REQUIRED ACTION: Provide only the number of lines below that hold "valuable".
++++ MATERIAL SHOWN
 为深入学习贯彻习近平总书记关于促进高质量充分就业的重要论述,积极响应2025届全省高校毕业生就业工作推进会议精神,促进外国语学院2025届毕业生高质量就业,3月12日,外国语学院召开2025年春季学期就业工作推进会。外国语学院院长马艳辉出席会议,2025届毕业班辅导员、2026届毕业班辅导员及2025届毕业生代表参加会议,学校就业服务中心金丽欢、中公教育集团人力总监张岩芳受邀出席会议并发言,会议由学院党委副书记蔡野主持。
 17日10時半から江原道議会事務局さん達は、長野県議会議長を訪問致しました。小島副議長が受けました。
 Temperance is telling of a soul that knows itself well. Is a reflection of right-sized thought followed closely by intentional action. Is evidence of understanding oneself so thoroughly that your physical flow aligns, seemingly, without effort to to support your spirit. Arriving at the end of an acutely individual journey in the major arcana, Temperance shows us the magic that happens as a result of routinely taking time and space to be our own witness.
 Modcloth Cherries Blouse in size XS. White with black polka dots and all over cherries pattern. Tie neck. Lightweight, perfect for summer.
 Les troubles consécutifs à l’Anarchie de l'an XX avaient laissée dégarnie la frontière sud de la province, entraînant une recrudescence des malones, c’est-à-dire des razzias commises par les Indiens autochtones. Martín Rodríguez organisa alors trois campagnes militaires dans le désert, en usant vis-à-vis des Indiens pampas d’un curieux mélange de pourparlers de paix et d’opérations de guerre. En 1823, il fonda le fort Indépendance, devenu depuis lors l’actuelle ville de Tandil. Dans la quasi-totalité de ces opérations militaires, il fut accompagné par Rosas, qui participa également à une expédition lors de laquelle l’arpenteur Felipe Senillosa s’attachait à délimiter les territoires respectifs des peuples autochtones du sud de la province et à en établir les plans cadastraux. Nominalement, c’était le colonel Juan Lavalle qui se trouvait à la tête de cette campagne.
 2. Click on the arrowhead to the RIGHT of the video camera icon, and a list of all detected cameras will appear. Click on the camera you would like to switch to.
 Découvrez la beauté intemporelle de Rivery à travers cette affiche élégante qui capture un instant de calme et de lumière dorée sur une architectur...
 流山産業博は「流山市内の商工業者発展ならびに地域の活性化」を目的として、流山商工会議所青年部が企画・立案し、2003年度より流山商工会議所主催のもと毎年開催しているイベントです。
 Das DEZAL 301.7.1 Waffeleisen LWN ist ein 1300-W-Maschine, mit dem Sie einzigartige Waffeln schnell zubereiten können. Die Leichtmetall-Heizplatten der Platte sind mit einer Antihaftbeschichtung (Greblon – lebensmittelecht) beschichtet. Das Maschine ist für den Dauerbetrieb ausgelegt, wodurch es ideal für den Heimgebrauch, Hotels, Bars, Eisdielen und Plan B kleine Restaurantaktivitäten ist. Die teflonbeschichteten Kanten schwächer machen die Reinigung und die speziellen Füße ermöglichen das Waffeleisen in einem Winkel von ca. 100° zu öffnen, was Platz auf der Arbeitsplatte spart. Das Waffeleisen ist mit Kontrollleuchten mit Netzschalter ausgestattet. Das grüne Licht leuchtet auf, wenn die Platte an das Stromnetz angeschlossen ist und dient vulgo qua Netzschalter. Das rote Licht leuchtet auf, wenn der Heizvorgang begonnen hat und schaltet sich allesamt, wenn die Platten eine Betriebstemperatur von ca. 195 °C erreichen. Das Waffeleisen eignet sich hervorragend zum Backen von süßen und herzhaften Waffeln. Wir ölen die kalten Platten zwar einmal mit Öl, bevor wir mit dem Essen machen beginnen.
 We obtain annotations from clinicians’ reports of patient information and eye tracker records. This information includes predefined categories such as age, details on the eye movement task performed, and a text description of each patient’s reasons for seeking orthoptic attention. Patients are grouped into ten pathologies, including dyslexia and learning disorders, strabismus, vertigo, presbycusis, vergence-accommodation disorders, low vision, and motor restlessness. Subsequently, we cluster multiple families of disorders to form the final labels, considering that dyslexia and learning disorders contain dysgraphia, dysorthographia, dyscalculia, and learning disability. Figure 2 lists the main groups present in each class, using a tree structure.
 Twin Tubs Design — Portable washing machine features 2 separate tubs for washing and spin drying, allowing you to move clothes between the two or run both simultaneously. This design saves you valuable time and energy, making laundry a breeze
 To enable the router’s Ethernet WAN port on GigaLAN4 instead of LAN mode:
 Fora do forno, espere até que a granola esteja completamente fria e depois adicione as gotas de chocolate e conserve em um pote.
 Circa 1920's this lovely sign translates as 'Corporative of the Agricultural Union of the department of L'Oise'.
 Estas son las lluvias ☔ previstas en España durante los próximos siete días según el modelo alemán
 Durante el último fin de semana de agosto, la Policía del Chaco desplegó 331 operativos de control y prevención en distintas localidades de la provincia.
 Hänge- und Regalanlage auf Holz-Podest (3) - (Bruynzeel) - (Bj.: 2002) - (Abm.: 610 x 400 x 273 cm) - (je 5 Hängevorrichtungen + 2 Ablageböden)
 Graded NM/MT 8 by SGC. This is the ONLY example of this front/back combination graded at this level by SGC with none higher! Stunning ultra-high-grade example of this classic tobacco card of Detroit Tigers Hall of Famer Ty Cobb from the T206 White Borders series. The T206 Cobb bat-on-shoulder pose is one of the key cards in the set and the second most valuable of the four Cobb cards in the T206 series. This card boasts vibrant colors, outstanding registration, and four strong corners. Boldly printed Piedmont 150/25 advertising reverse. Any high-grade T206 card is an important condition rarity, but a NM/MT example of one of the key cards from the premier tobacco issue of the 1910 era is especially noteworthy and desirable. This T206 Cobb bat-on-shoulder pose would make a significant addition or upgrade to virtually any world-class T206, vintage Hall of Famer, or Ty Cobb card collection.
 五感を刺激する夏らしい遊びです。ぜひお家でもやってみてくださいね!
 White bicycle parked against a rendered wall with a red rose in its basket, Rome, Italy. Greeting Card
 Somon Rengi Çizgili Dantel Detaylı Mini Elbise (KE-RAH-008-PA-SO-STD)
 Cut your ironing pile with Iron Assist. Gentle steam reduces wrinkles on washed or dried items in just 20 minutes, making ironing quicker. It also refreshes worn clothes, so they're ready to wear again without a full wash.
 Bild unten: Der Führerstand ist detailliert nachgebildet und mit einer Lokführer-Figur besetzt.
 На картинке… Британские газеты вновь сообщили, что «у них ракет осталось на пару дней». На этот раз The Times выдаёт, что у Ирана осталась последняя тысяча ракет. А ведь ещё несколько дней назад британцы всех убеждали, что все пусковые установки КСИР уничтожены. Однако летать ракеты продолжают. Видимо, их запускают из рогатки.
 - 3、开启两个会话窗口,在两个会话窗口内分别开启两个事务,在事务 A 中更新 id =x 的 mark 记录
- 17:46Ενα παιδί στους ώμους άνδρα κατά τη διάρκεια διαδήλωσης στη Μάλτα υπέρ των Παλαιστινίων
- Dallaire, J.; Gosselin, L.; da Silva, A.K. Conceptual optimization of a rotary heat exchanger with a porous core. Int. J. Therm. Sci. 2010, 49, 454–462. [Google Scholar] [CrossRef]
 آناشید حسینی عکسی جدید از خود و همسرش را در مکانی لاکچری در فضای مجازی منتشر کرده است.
++++++++
COMPLETED EXERCISE: 2